I'm guessing you didn't look at the disassembly (?) because your STL version is using SSE2 instructions (vectorizing?), which should tell you something funny is going on, because this isn't vectorizable, and it's not like we have floating-point here (which uses SSE2 by default).

Notice you're just doing arithmetic on the pointers repeatedly. You're not actually modifying them. It sure looks like Clang is noticing this and vectorizing your (completely useless) math. This is as far from "realistic" as you could possibly make the benchmark. Nobody would do this and then throw away the result. They would actually try to modify the vector in between.

I don't have the energy to play with your example, but I would suggest playing around with it more and trying to disprove your position before assuming you've proven anything. Benchmarks are notoriously easy to get wrong.

> So it doesn't feel like a realistic use case.

I only knew of this example because I've literally had to optimize this before.
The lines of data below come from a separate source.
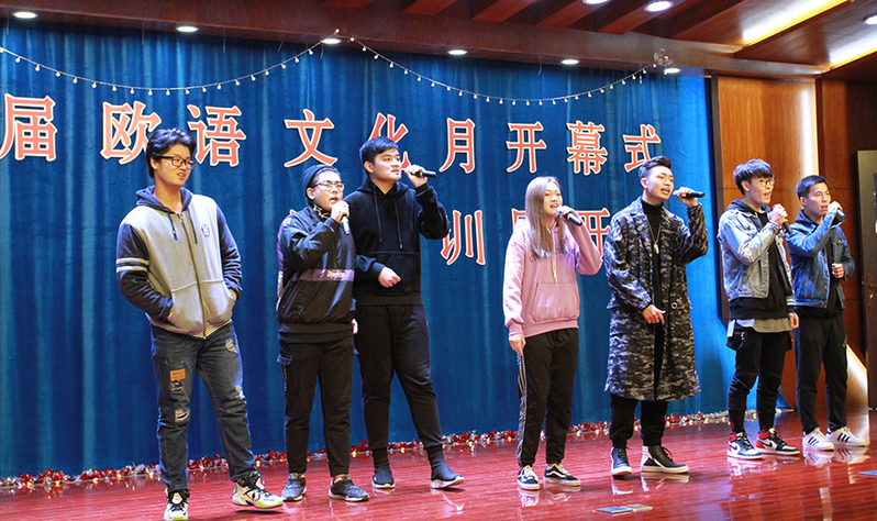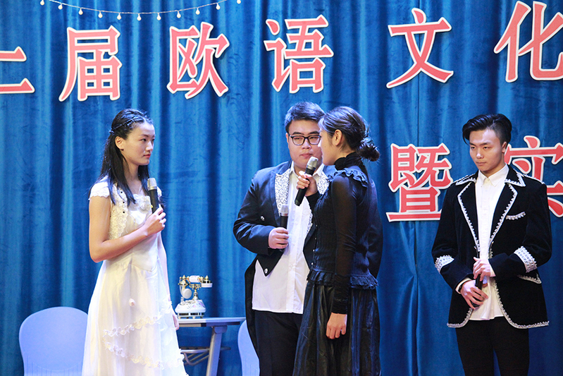随后,俄语系、法语系学生相继带来了合唱《МойЗайчик/我的宝贝》和诗歌朗诵《Rencontrer la poésie/遇见诗歌》,轻柔的音乐和浪漫的诗歌,营造了优雅的意境,使在场师生得到了舒美的视听享受。Immer社则带来了德语话剧《Rebecca》(节选),新颖独特的表演,展示了德国经典话剧的魅力。随后,俄西法德四系的语言串烧联唱,展现了欧洲语言文化特色,赢得了在场观众的热烈掌声,将开幕式推向了高潮。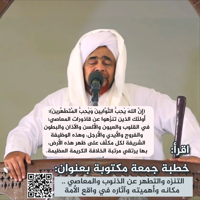 اقرأ: خطبة مكتوبة للعلامة الحبيب عمر بن حفيظ بعنوان: التنزه والتطهر عن الذنوب والمعاصي .. مكانه وأهميته وآثاره في واقع الأمة ومصيرها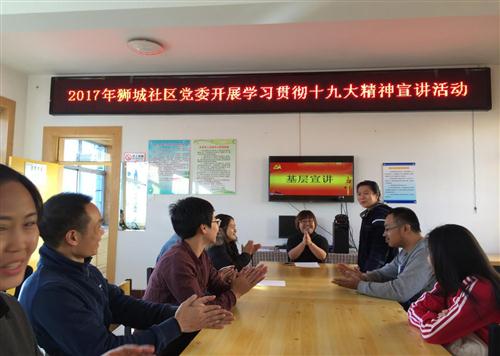 2017年11月10日,狮城社区党委组织社区党员开展“学习贯彻十九大精神”宣讲活动,社区副书记肖宁主持此次宣讲活动。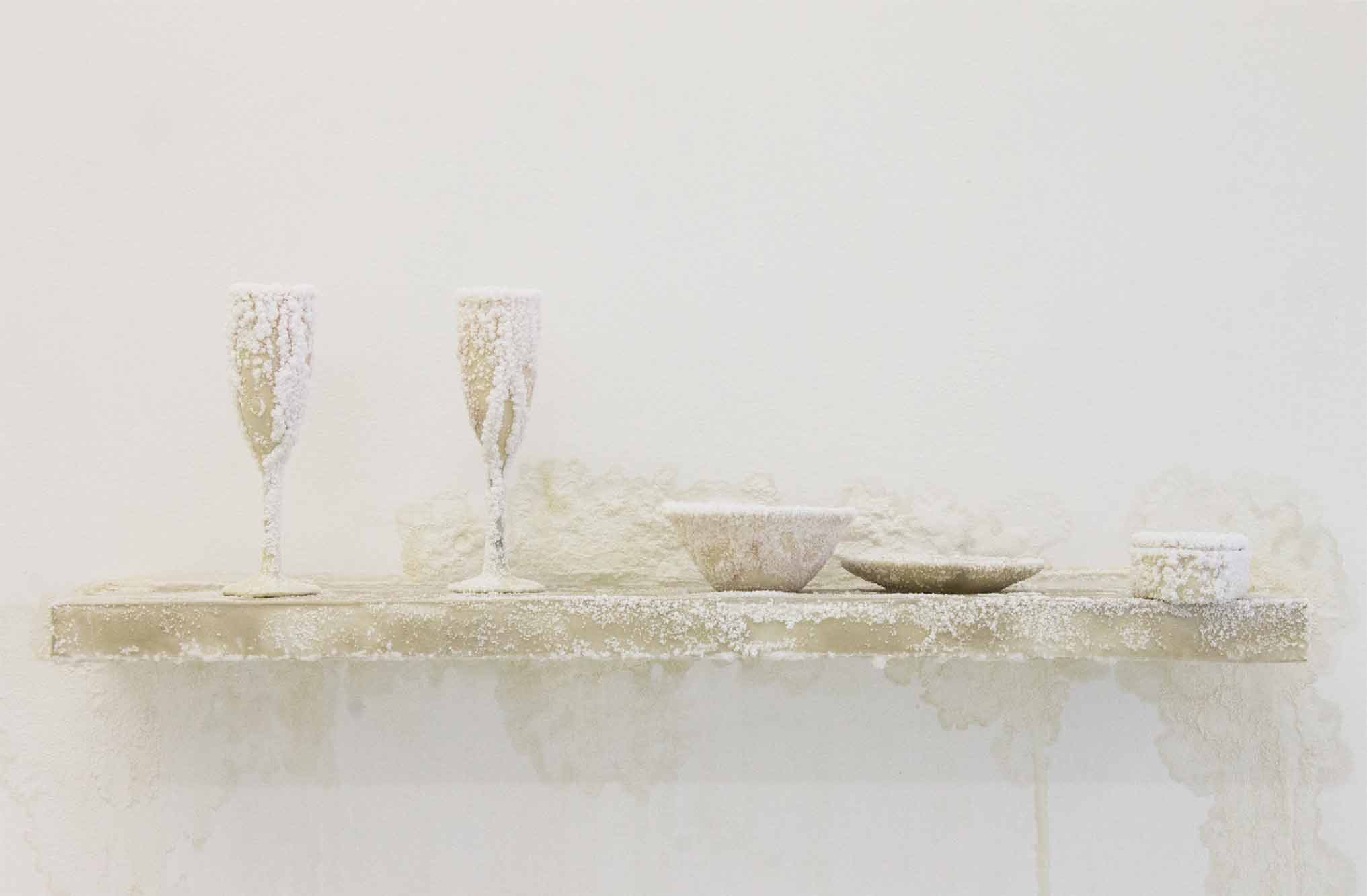 Outra das obras realizadas para a exposição, obra igualmente recente intitulada Nature Morte, 2015, consiste numa prateleira fixada na parede, sobre a qual estão dispostas duas taças de champanhe, dois pequenos recipientes em vidro e um prato, todos cobertos de gesso. Um líquido (mistura de água e sal), cuja cristalização sobre os objectos cobertos de gesso evoca os fenómenos visíveis nas grutas, nomeadamente o brilho dos cristais, escorre em pérolas ao longo da loiça, impregnando aos poucos e poucos a prateleira que lhe serve de suporte. Ao longo do tempo, uma composição cristalizada e aureolar forma, por capilaridade, uma paisagem quase feérica sobre os vestígios de um aperitivo com champanhe. Com esta natureza morta, construída com objectos cristalizados pouco modificados que conseguem atingir o maravilhoso, Michel Blazy faz-nos aceder a um outro tipo de temporalidade, a dos fenómenos geológicos lentos.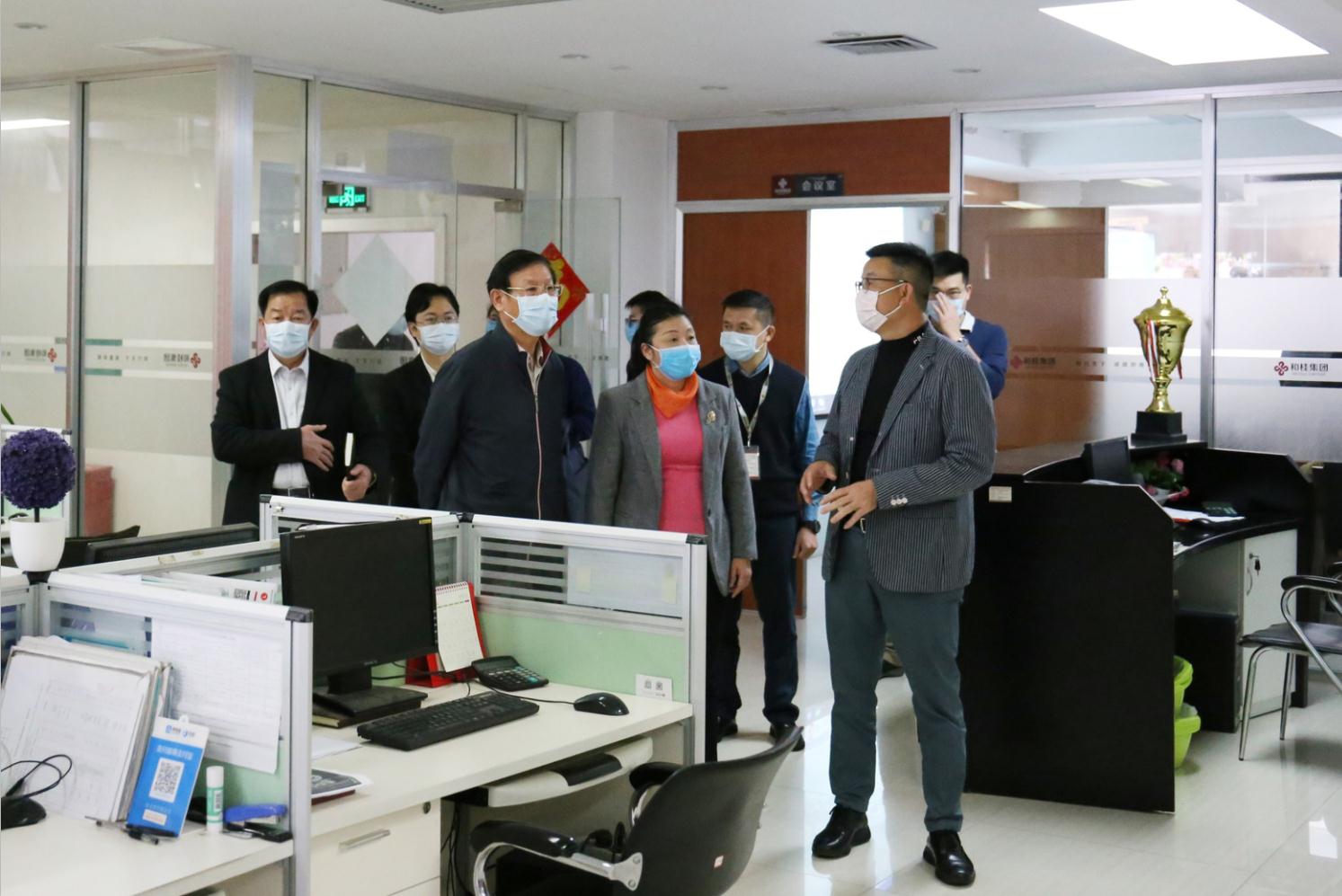 陈世平主席一行在黄总的带领下,首先巡视了和桂集团各分子公司办公区,查看员工到岗及企业疫情防控落实情况。黄总表示,为了响应国家号召,安全复工复产,公司作了周密部署,加强园区防控演习;制订了《复工管理规定》、《和桂集团公共场所文明防疫六条公约》、《和桂集团入园全流程防护指南》等制度。园区执行封闭式管理,人员进出须佩戴口罩、测量体温并登记;全公司区域每日进行消毒卫控;为员工配发口罩、在办公区摆放免洗手消毒用品,确保员工安全;实行员工分批错峰就餐制等措施,全力确保员工安全、生产安全。

Not everyone has seen every performance problem; clearly you hadn't run across this issue before. That's fine, but that doesn't mean reality is limited to what you've seen.

I really recommend not replying with this sentiment in the future. This sort of denial of people's reality (sadly too common in the performance space) just turns people off from the conversation, and makes them immediately discredit (or just ignore/disengage from) everything you say afterward. Which is a shame, because this kind of a conversation can be a learning experience for both sides, but it can't do that if you just cement yourself in your own position and assume others are painting a false reality.

[jeffbee]

I can't believe you typed all that just to show your condescending, point-missing aspect to its fullest.